7. Disturbances of H2S Signaling in Diabetes
The relationship between H_2_S levels and diabetes is an emerging area of research that highlights the importance of this gasotransmitter in metabolic regulation and diabetic complications. Altered H_2_S production and regulation have been demonstrated in diabetes, suggesting that dysregulation of H_2_S may contribute to β-cell dysfunction, insulin resistance, and target-organ injury.

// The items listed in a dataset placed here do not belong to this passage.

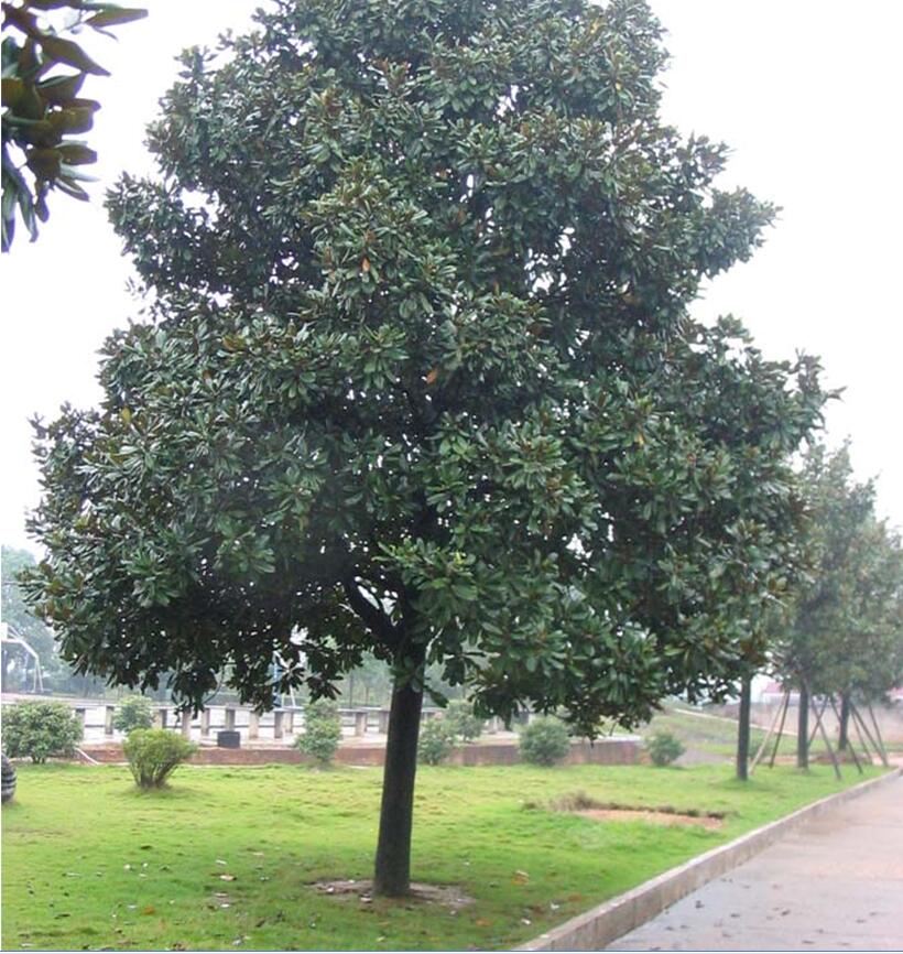 廣玉蘭樹姿優(yōu)雅,四季常青,病蟲害少,因而是優(yōu)良的行道樹種,不僅可以在夏日為行人提供必要的庇蔭,還能很好地美化街景。但栽種時應盡量選擇較大一些的苗木,干徑3~6 cm,高度2. 8 m 左右較為適宜。過小,則易遭破壞;過大,則移栽成活率低。道路綠化時,廣玉蘭與色葉樹種配植,能產生顯著的色相對比,從而使街景的色彩更顯鮮艷和豐富。在綠化帶應用中,將廣玉蘭與紅葉李間植,并配以桂花、海桐球等,不僅在空間上有層次感,而且色相上又有很大的變化,打破了序列空間的單調,產生一種和諧的韻律感,取得了很好的效果 。
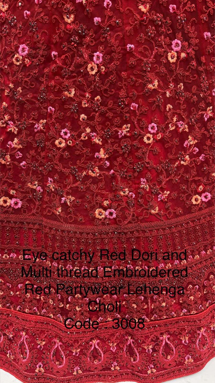 Eye catchy Red Dori and Multi thread Embroidered Red Partywear Lehenga Choli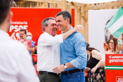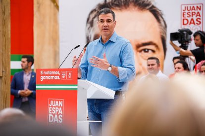 El secretario general del PSOE y presidente del Gobierno, Pedro Sánchez, interviene junto al candidato socialista a la presidencia de la Junta de Andalucía, Juan Espadas, en Cuevas del Almanzora, Almería.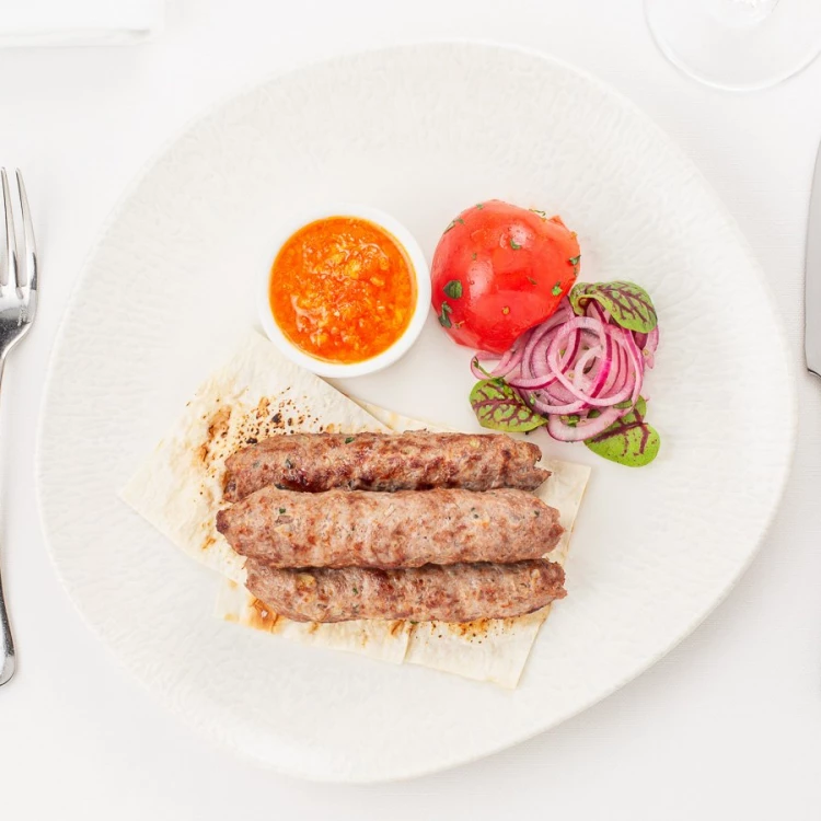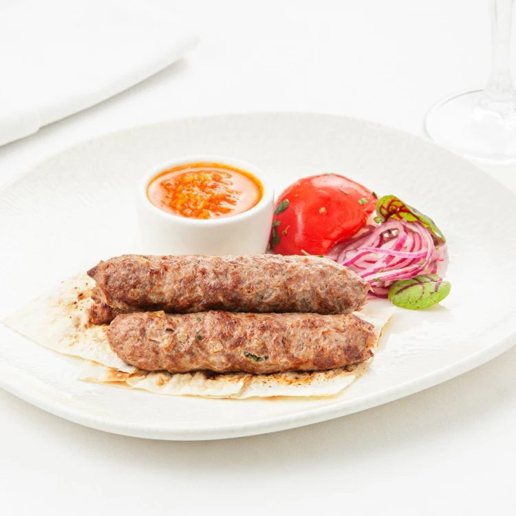 Баранина окорок, лук репчатый, чили, аджика, лук красный, томаты маринованные, лаваш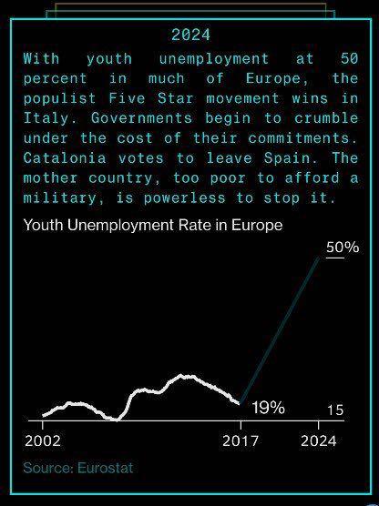 En la tradicional ?guia pessimista?, on es projecten situacions a partir de patrons pessimistes, del portal econòmic nord-americà Bloomberg es preveu que la independència de Catalunya sigui l?any 2024. En 2015 aquest portal va apuntar, amb aquesta fórmula, l?elecció de Donald Trump. Moltes altres vegades no s?ha encertat.
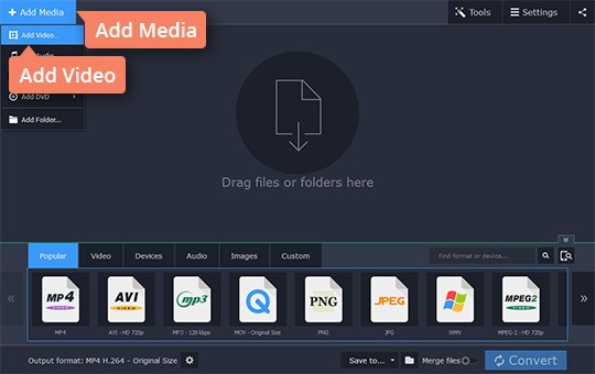 2. 在 Movavi 视频转换器上,点击“添加媒体”>“添加视频”选项,浏览并将 MKV 文件添加到 Movavi 视频转换器中进行转换。您可以添加多个 MKV 文件进行批量转换。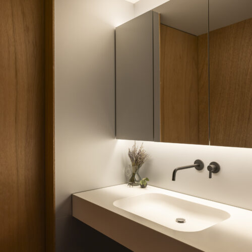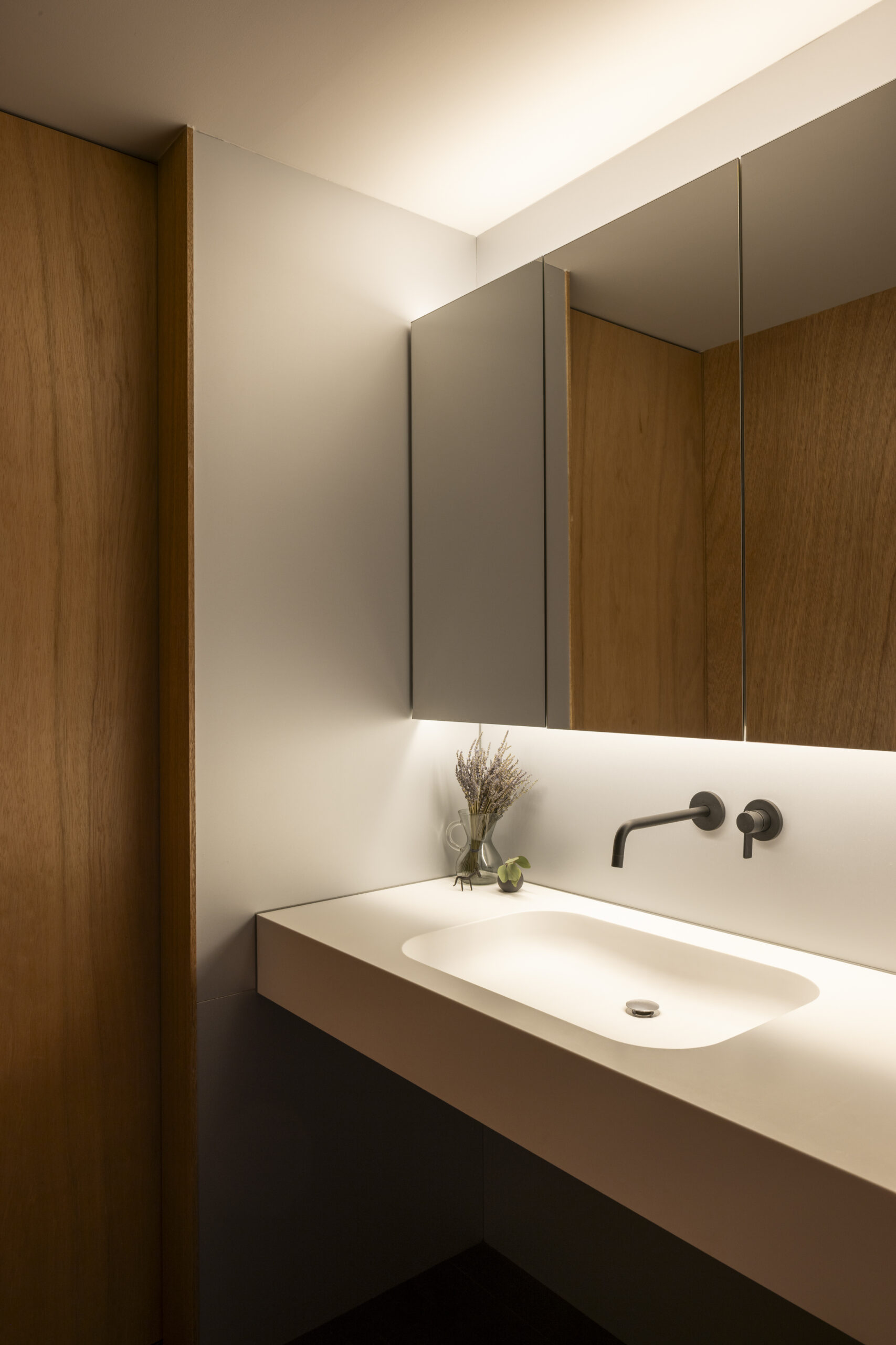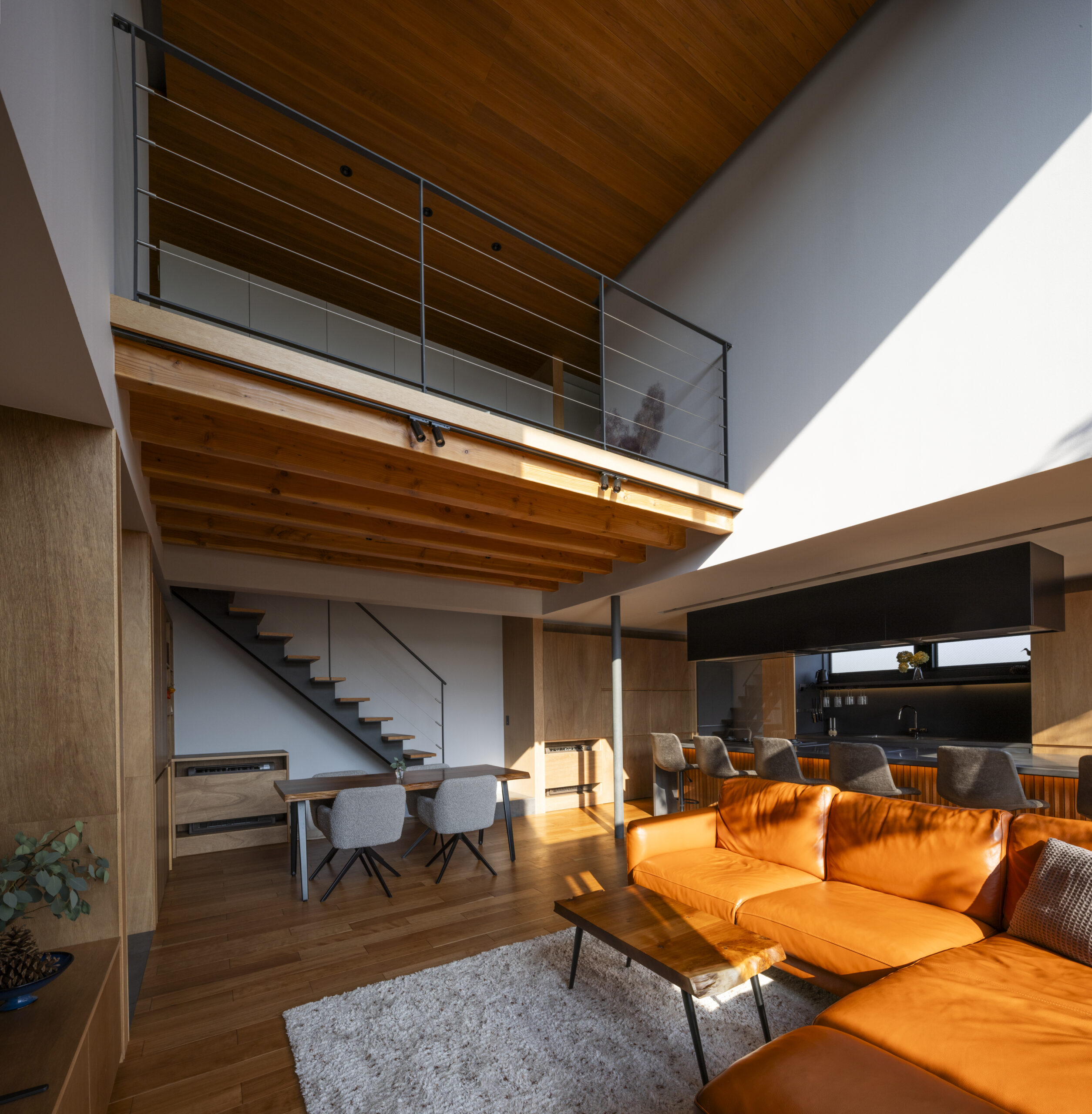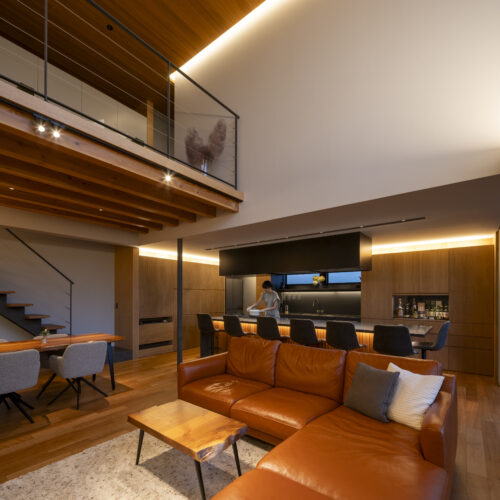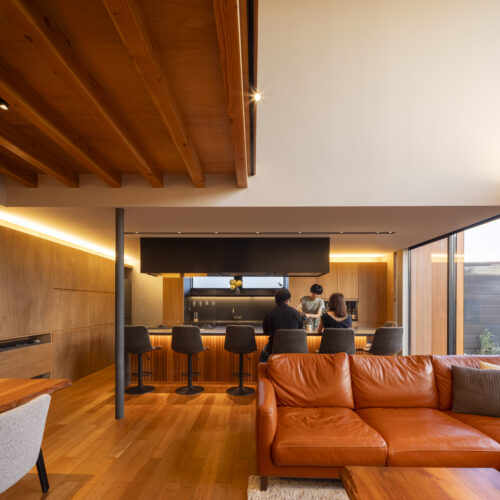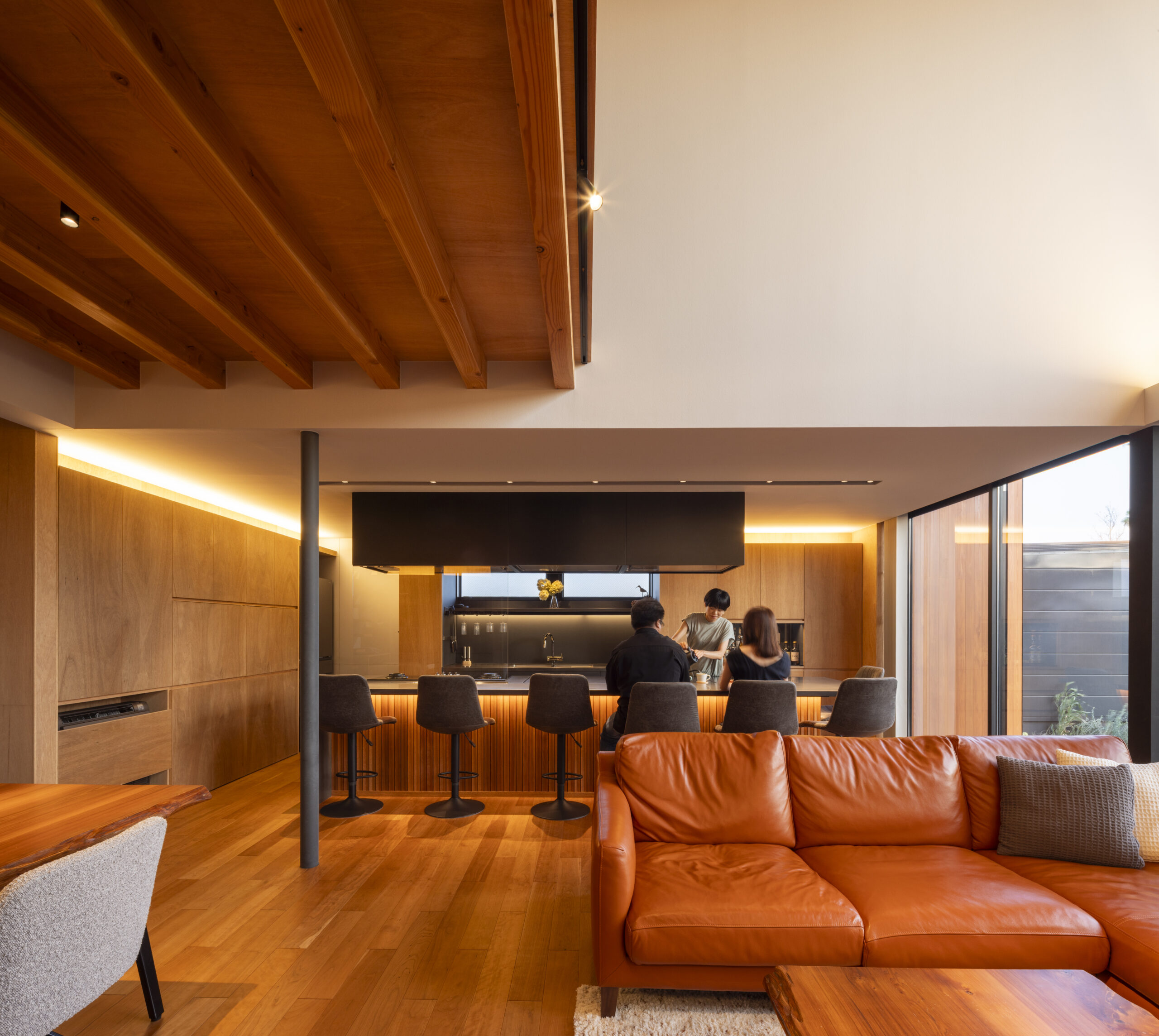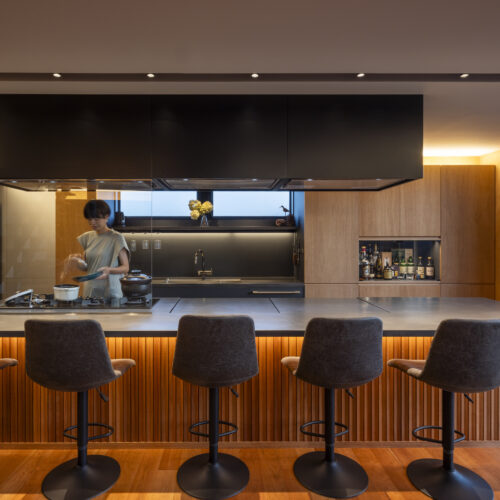 親族や友人たちが集まれる家にしたいという要望から、鉄板焼き機が組み込まれた約4mのカウンターキッチンをリビングの中心に設け、趣味の料理を皆に振る舞えるようにした。
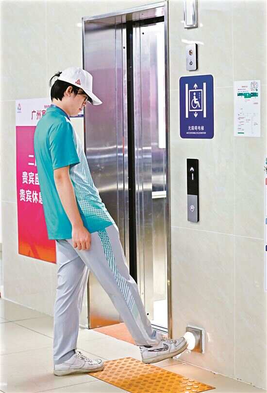 陈祺介绍,无障碍设施建设完毕后,在测试赛前竞委会邀请了广东省、广州市残联的专家和残特奥会乒乓球比赛技术代表前来,对包括赛场、音响灯光的全部无障碍设施设备进行了全方位的检测。在得到他们的一致认可之后,才开始进行一系列的测试赛和比赛。陈祺告诉新快报记者,场馆内外有不少暖心小细节,例如在电梯口增设可以用脚控制电梯开门的按键,电梯内增设了高度更低的按键,这两项都是为了方便肢体残疾人士使用。在入场时,还有机器狗为有需要的视障运动员导航,体现了科技助残的温度。

Early studies showed that glucose stimulation increases H_2_S production in pancreatic islet cells [360], where H_2_S acts as a negative regulator of insulin secretion by activating K_ATP_ channels, reducing ATP levels, and modulating Ca^2+^ signaling [361,362,363]. In vitro, H_2_S or CSE overexpression induces ER stress and apoptosis in INS-1E cells via the p38 MAP kinase pathway [364], while CSE inhibition prevents STZ-induced cell death, indicating a pro-apoptotic role for endogenous H_2_S under certain conditions [363]. Several groups have shown that compounds suppressing H_2_S synthesis enhance insulin secretion [363,365], supporting the hypothesis that increased H_2_S production in diabetic islets contributes to β-cell dysfunction during diabetes progression [50].
However, other studies suggest that the rise in H_2_S during early hyperglycemia serves as an adaptive cytoprotective mechanism, functioning as an “intrinsic, pancreatic brake” to prevent β-cell exhaustion [366]. H_2_S has been shown to preserve β-cell viability and insulin secretion in mouse islets and MIN6 cells exposed to diabetogenic conditions [365,366]. Data from in vitro studies clearly show that the role of H_2_S in β-cell function and insulin secretion is complex, highly context- and dose-dependent, and varies with disease stage and experimental model [367].
Conflicting outcomes are also observed in vivo. Increased CBS expression has been reported in STZ-treated diabetic animals [355], and CSE inhibition improved glycemic control in diabetic models [362,367]. Moreover, CSE knockout delays diabetes onset and preserves β-cell mass [367]. Conversely, mice fed a high-fat diet and deficient in CSE exhibit worsened islet glucotoxicity compared to wild-type counterparts, highlighting the dual and dynamic role of H_2_S [368]. Cytoprotection by H_2_S is partially mediated through TRX activation, which maintains redox balance and protects β-cells against glucotoxic stress. The growing body of research examining the dual actions of H_2_S in the pancreas increasingly supports its predominantly protective role. Recent in vivo findings indicate that H_2_S confers beneficial effects not only on pancreatic function but also on peripheral tissues involved in glucose homeostasis [309,369,370,371,372,373,374].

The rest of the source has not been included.